By Dustin Rowles | Box Office Round-Ups | September 6, 2016 |
By Dustin Rowles | Box Office Round-Ups | September 6, 2016 |
Relative newcomers to the site may not remember this, but back in our “Scathing Reviews, Bitchy People” days, we were fairly militant about the separation between critic and studio, obnoxiously so, some might say. After our very first critic was asked not to use profanity in a review, we swore off press screenings, because we didn’t want to answer to publicists.
We have since relaxed that rule, because movie tickets are expensive, reviews make no money, and we only hire people we trust not to cave to studio pressures.
That said, somewhat out of inertia, most of us still do not attend press screenings. Instead, we go to a movie’s first showing on Thursday nights along with the rest of the viewing public and turn in our reviews on Friday morning. However, in an unusual move this week, none of the Labor Day movies opened on Thursday, and since we all had Labor Day plans this weekend, we weren’t able to review the two major releases this weekend, The Light Between Oceans and Morgan (both were met with mixed to poor reviews from mainstream critics).
Turns out, it didn’t much matter, because no one saw those movies, and in the case of Morgan, “no ones” in record proportions didn’t see the sci-fi flick from the son of Ridley Scott, Luke Scott.

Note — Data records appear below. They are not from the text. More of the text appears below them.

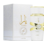
Yara Moi By Lattafa R280.00 EDP 100ml (White) (Dubai Replica Ladies)
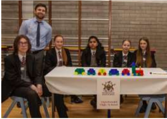
Dundonald High School
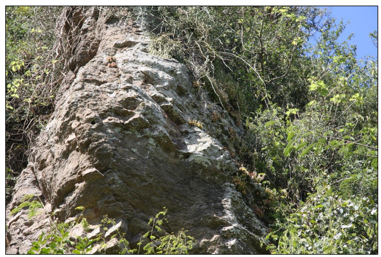
Plate 17. Typical exposed cliff face on which C. foveata was growing.

In terms of the under-storey numerous woody herbaceous plant species, creepers and herbaceous plants were quite common. The following notable species were seen; Petopentia natalensis, Dietes iridoides, Dicliptera heterostegia, Justicia campylostemon and Justicia petiolaris . In many portions across the steeper portions of the area Acacia schweinfurthii (a creeping Acacia species) was prevalent and should be considered as an indigenous invasive species which is capable of smothering trees and diminish the diversity and conservation significance of these areas.
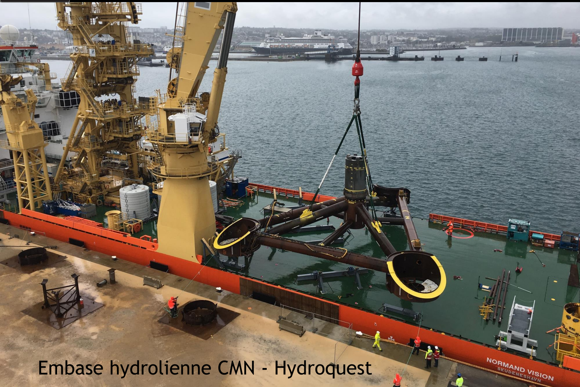
Embaise hydrolienne CMN - Hydroquest
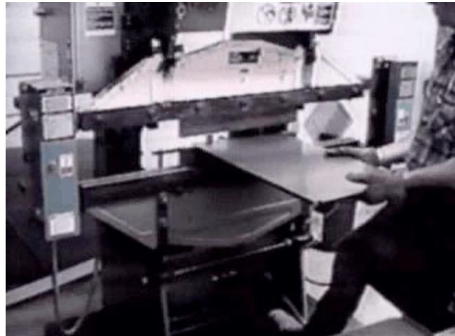
Press Brake Operation
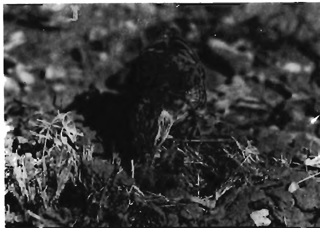
Fig. 8. A female Eremopterix verticalis feeding chicks.
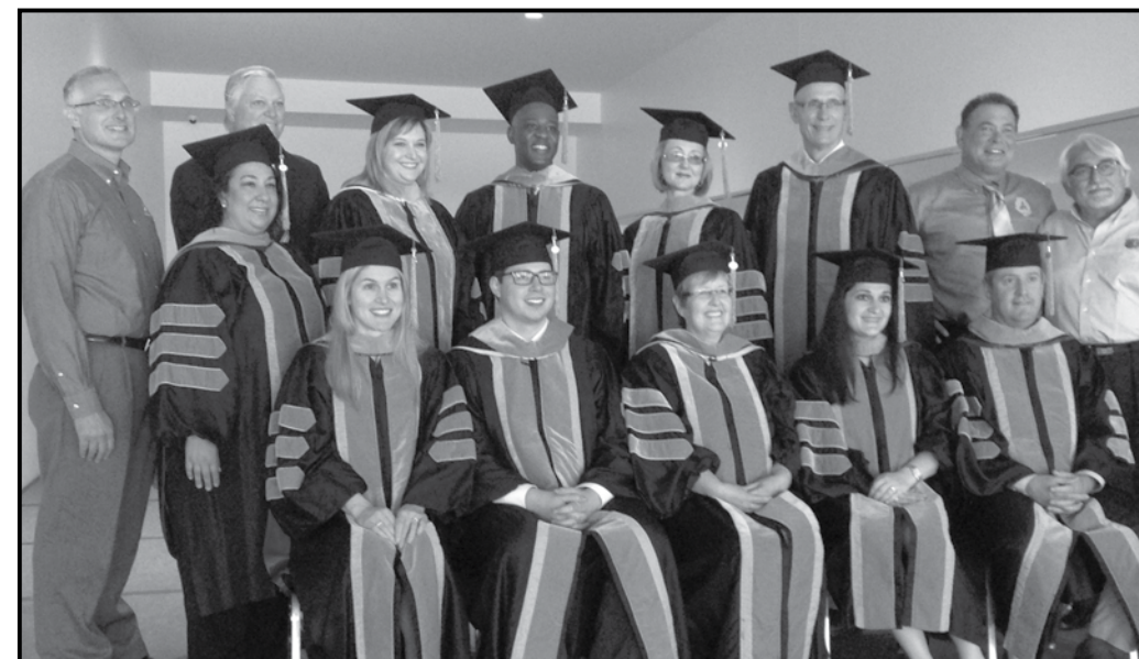
All Region IX Fellow and Mastership Awardees

The convocation was held in Detroit at the National AGD convention. For more information on how to attain the awards of AGD Fellow and Master, please visit www.agd.org !
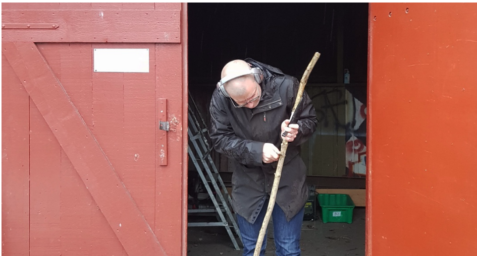
(from midterm, spikke&lytte,)

Going further, I would like to test the recorded conversations and reflections as a part of the framework in a project. Can the recordings be part of creating a shared understanding of the project?
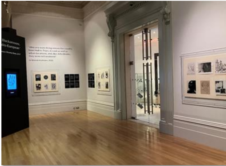
A picture of the exit leading to the exhibition shop. This includes a pair of glass doors.

You are welcome to continue your visit through our permanent collection galleries, which are free to explore.
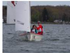
Wes Sailing Team Hosts First Inter-Collegiate Regatta
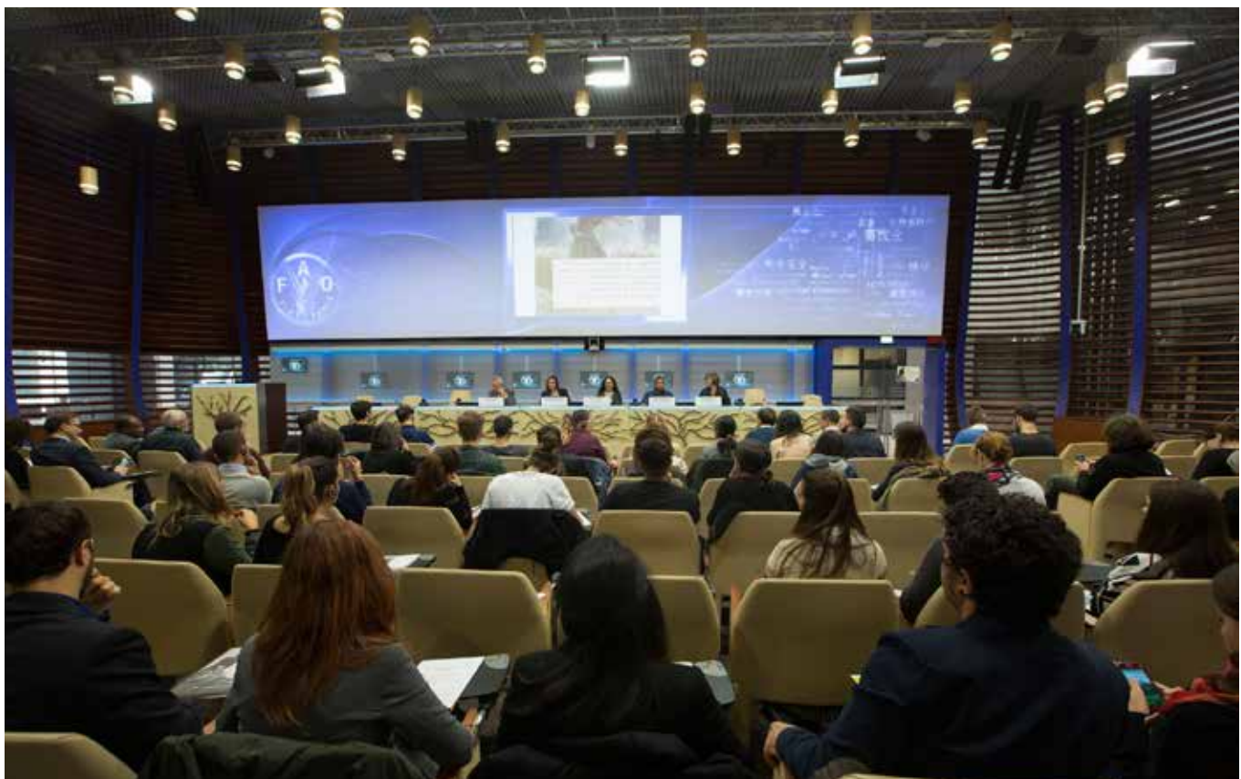
International event of the Right to Food and Nutrition Watch at UN FAO Headquarters—Rome, Italy
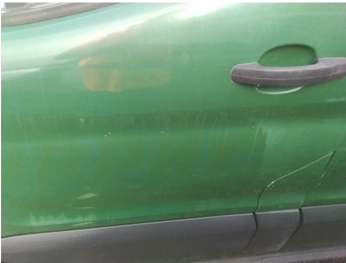
5: Door nsf Chipped Multiple Chips
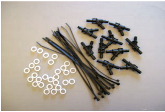
INJ-615 Wye Fitting with collars (10 Pack)
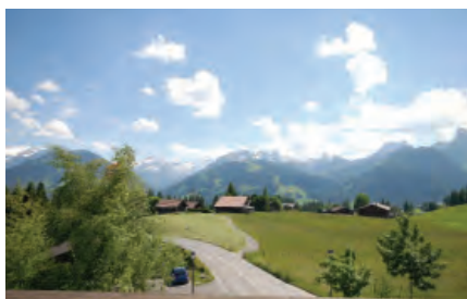
View from Hotel Alpenrose, Schoenried
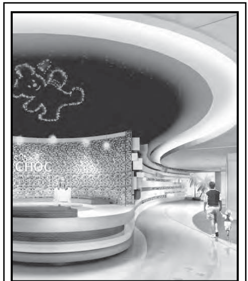
Designed to be modern and inviting, the new tower will feature open, colorful spaces and a spacious new lobby.

The Kate Mara starrer opened at number 17 for the weekend. It earned less than $2 million, which makes it the 7th worst opening of all time for a film to open on more than 2000 screens. In other words, it’s in the same company as other movies you’ve never seen, P2, Jem and the Holgrams, Rock the Kasbah, and We Are Your Friends.
The Light Between the Oceans, starring Michael Fassbender, Alicia Vikander, and Rachel Weisz didn’t fare that much better, making less than $6 million over the Labor Day weekend.
Both films, of course, will be forgotten next weekend when the Clint Eastwood/Tom Hanks juggernaut, Sully, opens.